Breaking Symmetries with Involutions

TL;DR

This paper explores using involution-derived graph patterns to create efficient, strong symmetry-breaking constraints for graphs, improving over existing partial symmetry-breaking methods.

Contribution

It introduces a novel approach leveraging involution-based graph patterns to construct concise and effective symmetry-breaking constraints.

Findings

Patterns from involutions help identify large sets of non-canonical graphs.

The proposed constraints are small yet break many symmetries.

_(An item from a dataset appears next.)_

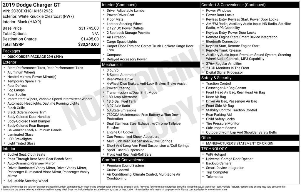 2019 Dodge Charger GT in White Knuckle Clearcoat vehicle highlights include.., FORD BLUE CPO, RWD, PARKSENSE REAR PARK ASSIST, PARKVIEW BACK UP CAMERA, DUAL AC, REMOTE START, KEYLESS GO>>, REMOTE KEYLESS ENTRY, ILLUMINATED ENTRY, AUTOMATIC, APPLE CAR PLAY/ANDROID AUTO, BRIGHT SPORT PEDAL, ELECTRIC PARK BRAKE, FUNCTIONAL HOOD SCOOP, REAR SPOILER, SPORT MODE, 4G WIFI MODEM, WIFI HOT SPOT, INTEGRATED VOICE CONTROL, UCONNECT, PROJECTOR FOG LIGHTS, QUALITY, HALOGEN HEADLIGHTS, CAPLESS FUEL EZ FILL, DUAL EXHAUST w/BRIGHT TIPS, PERFORMANCE SUSPENSION, GT BADGING, Black Cloth, 9 Premium Alpine Speakers, ABS brakes, Alloy wheels, AM/FM radio: SiriusXM, Anti-whiplash front head restraints, Apple CarPlay/Android Auto, Auto-dimming Rear-View mirror, Automatic temperature control, Brake assist, Cloth Performance Seats, Compass, Delay-off headlights, Driver vanity mirror, Dual front side impact airbags, Electronic Stability Control, Emergency communication system: SiriusXM Guardian, Four wheel independent suspension, Front Bucket Seats, Front Center Armrest, Front dual zone A/C, Front fog lights, Fully automatic headlights, Heated door mirrors, Low tire pressure warning, Panic alarm, ParkView Rear Back-Up Camera, Power 4-Way Driver Lumbar Adjust, Power door mirrors, Power driver seat, Power steering, Power windows, Radio data system, Radio: Uconnect 4C w/8.4 Display, Rear anti-roll bar, Rear Armrest w/Cupholder Seat, Rear window defroster, Remote keyless entry, Split folding rear seat, Steering wheel mounted audio controls, Tachometer, Traction control, Trip computer, Variably intermittent wipers, Wheels: 20 x 8.0 Granite Crystal Aluminum.

Results show improved symmetry breaking over existing partial methods.

Abstract

Symmetry breaking for graphs and other combinatorial objects is notoriously hard. On the one hand, complete symmetry breaks are exponential in size. On the other hand, current, state-of-the-art, partial symmetry breaks are often considered too weak to be of practical use. Recently, the concept of graph patterns has been introduced and provides a concise representation for (large) sets of non-canonical graphs, i.e.\ graphs that are not lex-leaders and can be excluded from search. In particular, four (specific) graph patterns apply to identify about 3/4 of the set of all non-canonical graphs. Taking this approach further we discover that graph patterns that derive from permutations that are involutions play an important role in the construction of symmetry breaks for graphs. We take advantage of this to guide the construction of partial and complete symmetry breaking constraints based on graph patterns. The resulting constraints are small in size and strong in the number of symmetries they break.